Quattro novelle che hanno dei temi in comune di cui il principale è il viaggio (o gli spostamenti). Si va dalle invasioni barbariche a un viaggio semi-spaziale nell’ultimo racconto fantascientifico. Ma questi viaggi esteriori riflettono anche il viaggio interiore degli esseri umani che si interrogano sulla loro identità e sui loro desideri. Se il viaggio esteriore dovrebbe condurre a un luogo migliore in cui vivere, quello interiore è intrapreso per cercare di capirsi e vivere meglio con se stessi e ciò che ci circonda.
Il secondo tema è la ricerca della solitudine, ma allo stesso tempo il desiderio di compagnia umana.
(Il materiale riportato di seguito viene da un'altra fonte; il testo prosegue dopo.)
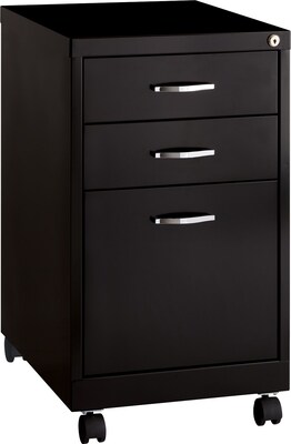Description Stay organized and get more out of your workspace with Space Solutions file cabinets. This Space Solutions rolling mobile pedestal file cabinet provides three drawers to hold a variety of office essentials. The top two drawers are ideal for supplies like paper, pencils, pens, and clips as well as small electronics, chargers, staplers, and more (organization tray sold separately). The file drawer is sized to accommodate letter-size hanging file folders and keep important documents organized and secure. To keep your files and items safe, a single lock mechanism secures all three drawers. Once unlocked, ball bearing slide suspension ensures the drawers will open and close smoothly and evenly. Built to last, this filing cabinet is constructed of strong, durable steel and contains 28% recycled content, making it a practical and eco-friendly choice. The cabinet doesn't skimp on style, either. The clean lines and finish looks sharp, and will complement any home or professional space. Assembly of handles and casters required, hardware included. Three drawer Box/Box/File mobile file cabinet ideal to store files and office supplies, accommodates letter-size hanging file folders Classic steel design features durable enamel finish in black Dimensions: 26."H x 15"W x 19"D Steel, ball-bearing drawer suspension Keyed lock for added security secures all drawers Three quarter drawer extension prevents tipping Tucks under most work surgaces with easy roll casters Assembly of handles and casters required, hardware included Specifications Weight (lbs.) : 34 Furnishing Color : Black Furnishing Material : Metal File Cabinet Type : Vertical File True Color : Black Height in Inches : 26 Width in Inches : 15 Series or Collection : Small Office Home Office Depth in Inches : 19 Drawer Glides : Roller Gide Suspensionl Lock Included : Lock Included Safety Features : Three-quarter drawer extension to prevent tipping File Cabinet Features : Mobile/Pedestal Meets ANSI or BIFMA standards : Yes Number of File Drawers : 1 File Size : Letter File Cabinet Assembly : Partial Assembly Required File Follower Included : Not Applicable File Frame Needed : No File Cabinet Usage : Home or Small Office Use Brand : Space Solutions Customizable : No Weight : 40.00 lbs. per Each
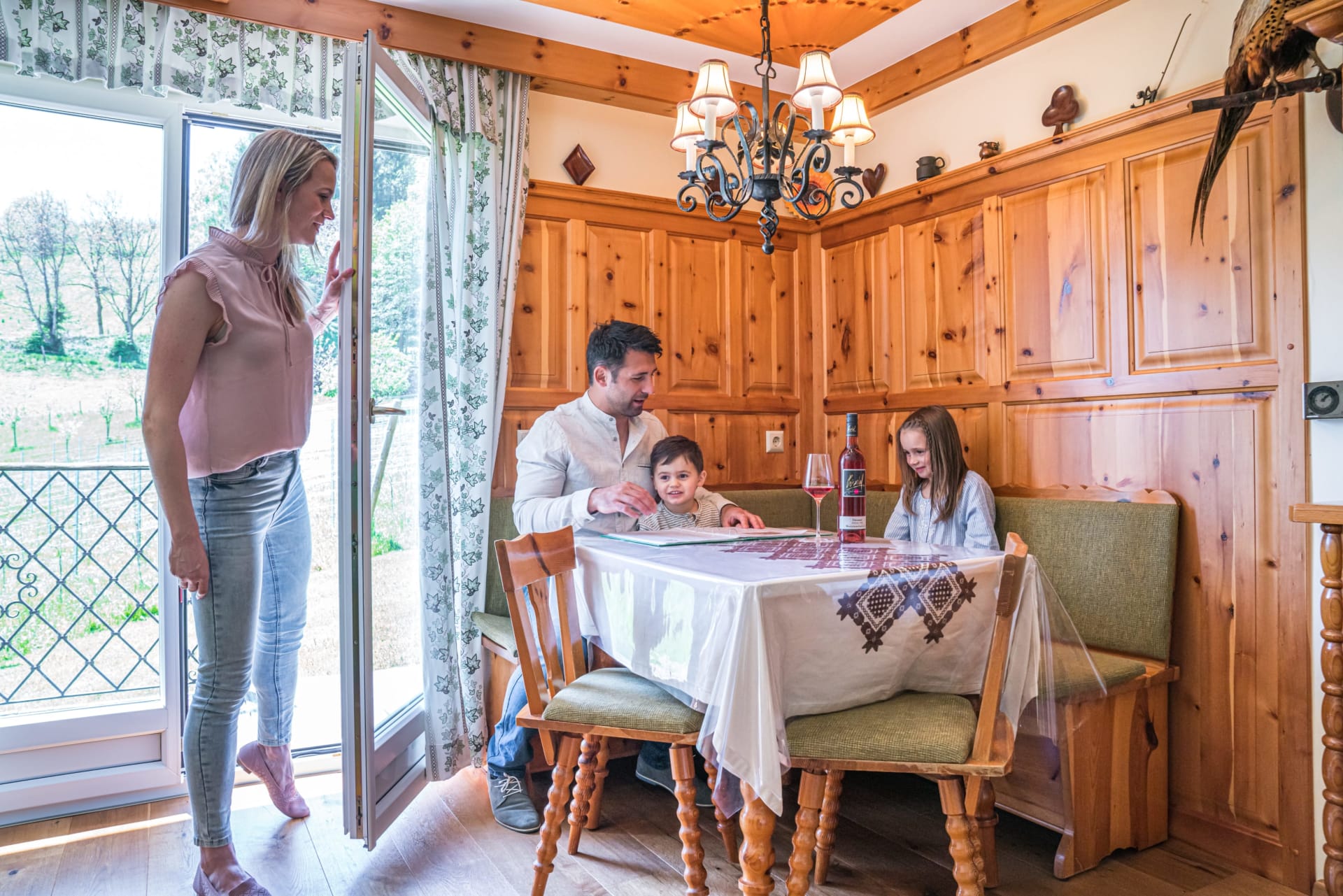 Teil der Weingarten-Suite sind außerdem eine Zirbenstube, eine komplett ausgestattete Kochnische, Sat-TV und Radio. Im Badezimmer finden Sie einen Kosmetikspiegel und einen Haartrockner.

Quattro racconti riuniti nel volume “Je vous écris d’un pays lointain” (Milano, Mondadori, 1971 – Premio Bagutta 1972 ), una raccolta fortemente connotata dalla simbologia del viaggio nel senso più ampio e ricco del termine. Arriva per ognuno di noi il momento di “partire”, di ricercare e di capire. Gli scrittori sono, in questo senso, dei viaggiatori privilegiati per due motivi: possono utilizzare il “veicolo scrittura” per intraprendere un viaggio esistenziale, possono spaziare pericolosamente dentro il perimetro della propria esperienza, dei propri ricordi, possono incontrare le proprie paure, toccare spavaldamente i confini oltre i quali c’è la perdita di sé per poi ritornare, utilizzando lo stesso veicolo, ad una realtà riabilitata e un poco più vicina alla desiderata “salvezza” (per chi, come me, crede nella funzione taumaturgica della scrittura). Ad un secondo livello, l’autore-viaggiatore diventa una guida che conduce per mano il lettore attraverso le sue mappe e mete spazio-temporali-mentali.